Innovation

Here’s why we shouldn’t fear artificial intelligence

Management and behavioural science author Daniel Pink shares an optimistic view about the threats and opportunities posed to labour by A.I.

Daniel Pink

Author Daniel Pink speaking at a conference in 2012. (Larry Busacca/WireImage/Wired/Getty)

The rise of artificial intelligence is both celebrated and feared. At once a testament to human ingenuity that promises to revolutionize the way we live and work, AI threatens to make untold numbers of jobs obsolete. PwC, for example, estimates nearly 40 per cent of jobs in the U.S. are at risk due to automation, especially in the transportation, manufacturing and retail industries. Earlier this year, senior deputy Bank of Canada governor Carolyn Wilkins warned of job losses and greater income inequality stemming from AI and robotics, though she expects these technological developments to eventually create more jobs than they replace. The disruption caused by AI has also been on the mind of Daniel Pink lately. As the author of six books on work and human behaviour, Pink was somewhat early to the discussion about the impact of automation on white-collar work. In 2006, he wrote A Whole New Mind: Why Right-Brainers Will Rule the Future, which outlined the skills workers need to stay employable in an increasingly outsourced and automated era. Canadian Business spoke to Pink, who will speak at the upcoming 2017 GREAT CEOs Speaker Series in Mississauga, ON about why he’s ultimately optimistic that adoption of AI will be positive for society and the future of work.

You recently gave a talk on “surviving” in the age of automation, which implies a threat. So what exactly is the threat?

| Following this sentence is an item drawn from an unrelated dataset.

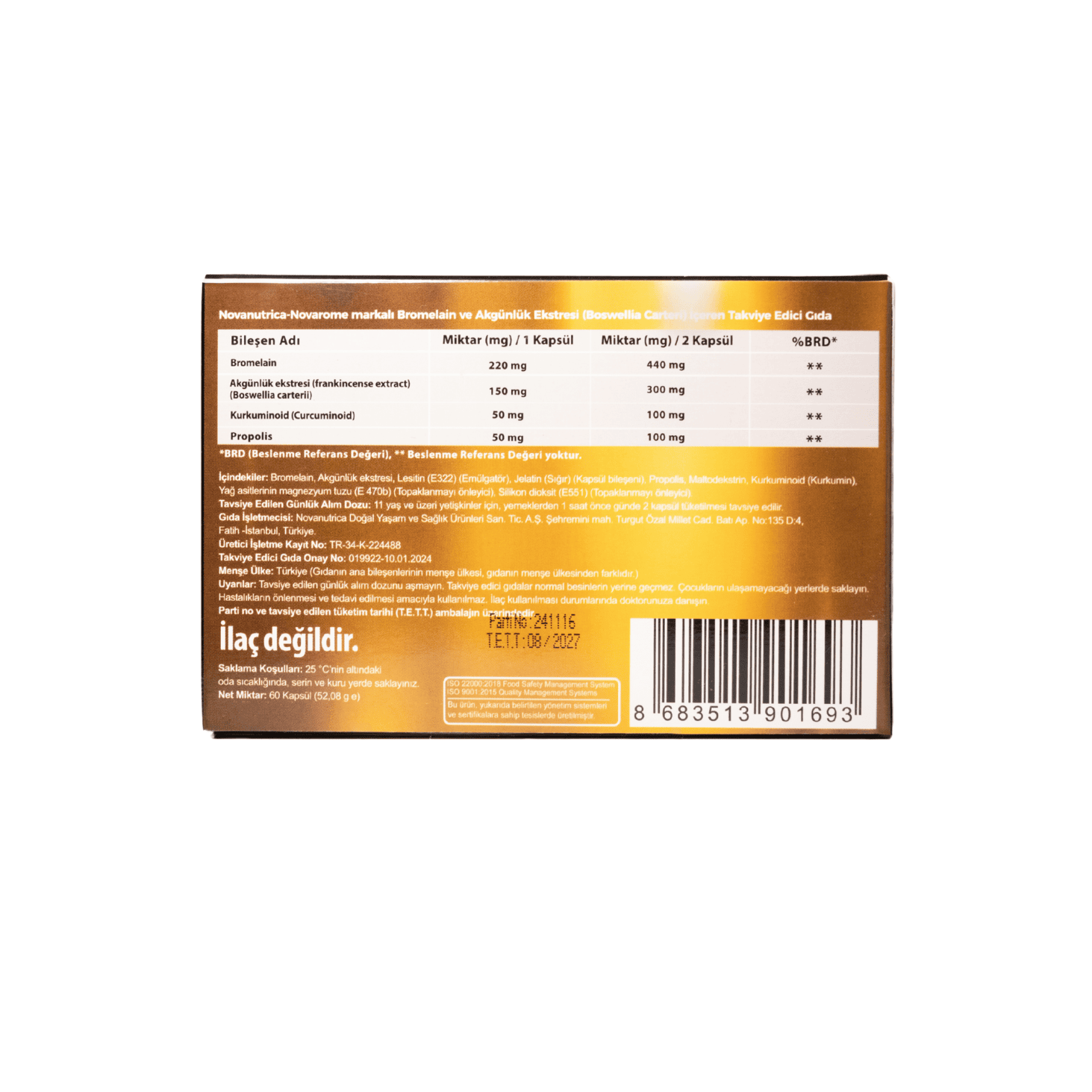 • Ürün, takviye edici gıda statüsünde olup ilaç değildir.

My argument is we are in a shift from one economic era to another. I’m in my early 50s, and I grew up in the American midwest. People of my generation were raised to believe a certain set of rules about how to get ahead: Get good marks in school, go to university, and pursue a profession that’s going to give you some amount of economic security. In terms of skills and abilities, what employers wanted were logical, linear, spreadsheet abilities. Today, those skills are still absolutely necessary, but they’re no longer sufficient. Now it’s abilities that we’ve overlooked and undervalued that matter most: Empathy, design thinking, inventiveness, big picture thinking. There are some forces in the world tilting the skills in favour of these more artistic, empathic, big-picture skills.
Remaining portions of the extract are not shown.